A "Novel" Approach to Economics

Economics Professor Phil Ruder uses short-stories to engage students

Students enrolled in any of Professor Phil Ruder's economics classes are in for a surprise. Sure, they study all of the graphs and charts that are integral to economic analyses, but they also study short stories that students usually expect to find in their literature courses.

Professor Ruder, an award-winning teacher, explains he uses short stories and other literature in his economics classes because "many stories have a great deal of economic content and the stories can be more surprising and captivating than a textbook."Because stories provide a rich context, they can help to humanize economic forces that otherwise can seem abstract or impersonal.

In Phil Ruder's classes, students cannot just sit back and watch. Instead, each student is assigned to a team that has a real-world problem to work on. These teams learn economic principles while struggling with real world issues.

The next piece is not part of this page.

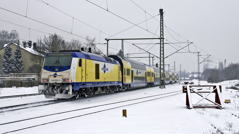Der metronom von Cuxhaven mit der Diesellok 246 002-0. Hamburg-Harburg, 17. Januar 2010 |

Professor Phil Ruder is one of many outstanding teachers at Pacific. Get to know more members of the faculty through each department's webpages - or better still, visit Pacific and sit in on a class or two. See for yourself why teaching is different at Pacific.

 

 


 

Example from Geeta Shama Jensen's " A Good Country"(The Atlantic Monthly, Vol. 291, No. 4 May, 2003, pp93-101.)


Students read the story before class, then work in pairs to develop arguments in favor or against making Mr. Cooper clean up. Alternatively, students might work to identify externality issues in the story. Short student presentations follow the exercise as does my own presentation. This exercise makes for a much richer class discussion of property rights and the Coase Theorem (private parties will arrive at an efficient outcome through negotiation and appropriate compensation where required as long as the property rights are clearly defined regardless of how rights are defined) than does any text book or other case analysis I have encountered.